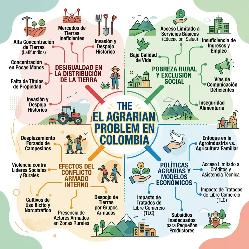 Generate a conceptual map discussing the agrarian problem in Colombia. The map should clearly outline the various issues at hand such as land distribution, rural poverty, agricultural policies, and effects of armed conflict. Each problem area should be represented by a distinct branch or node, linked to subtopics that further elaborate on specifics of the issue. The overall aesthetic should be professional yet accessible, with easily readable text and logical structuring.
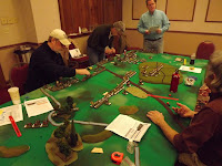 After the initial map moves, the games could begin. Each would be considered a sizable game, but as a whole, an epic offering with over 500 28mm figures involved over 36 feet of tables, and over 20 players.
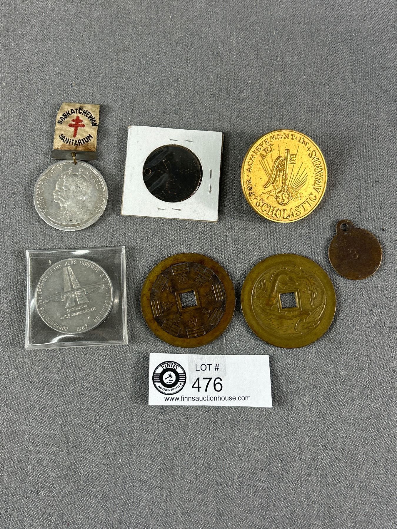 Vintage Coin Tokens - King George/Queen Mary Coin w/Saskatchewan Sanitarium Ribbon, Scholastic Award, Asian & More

:::

## Problem details:
The whole listing, minus its images, should be repeated exactly.

## Answer to the exercise:
 Generate a conceptual map discussing the agrarian problem in Colombia. The map should clearly outline the various issues at hand such as land distribution, rural poverty, agricultural policies, and effects of armed conflict. Each problem area should be represented by a distinct branch or node, linked to subtopics that further elaborate on specifics of the issue. The overall aesthetic should be professional yet accessible, with easily readable text and logical structuring.
 After the initial map moves, the games could begin. Each would be considered a sizable game, but as a whole, an epic offering with over 500 28mm figures involved over 36 feet of tables, and over 20 players.
 Vintage Coin Tokens - King George/Queen Mary Coin w/Saskatchewan Sanitarium Ribbon, Scholastic Award, Asian & More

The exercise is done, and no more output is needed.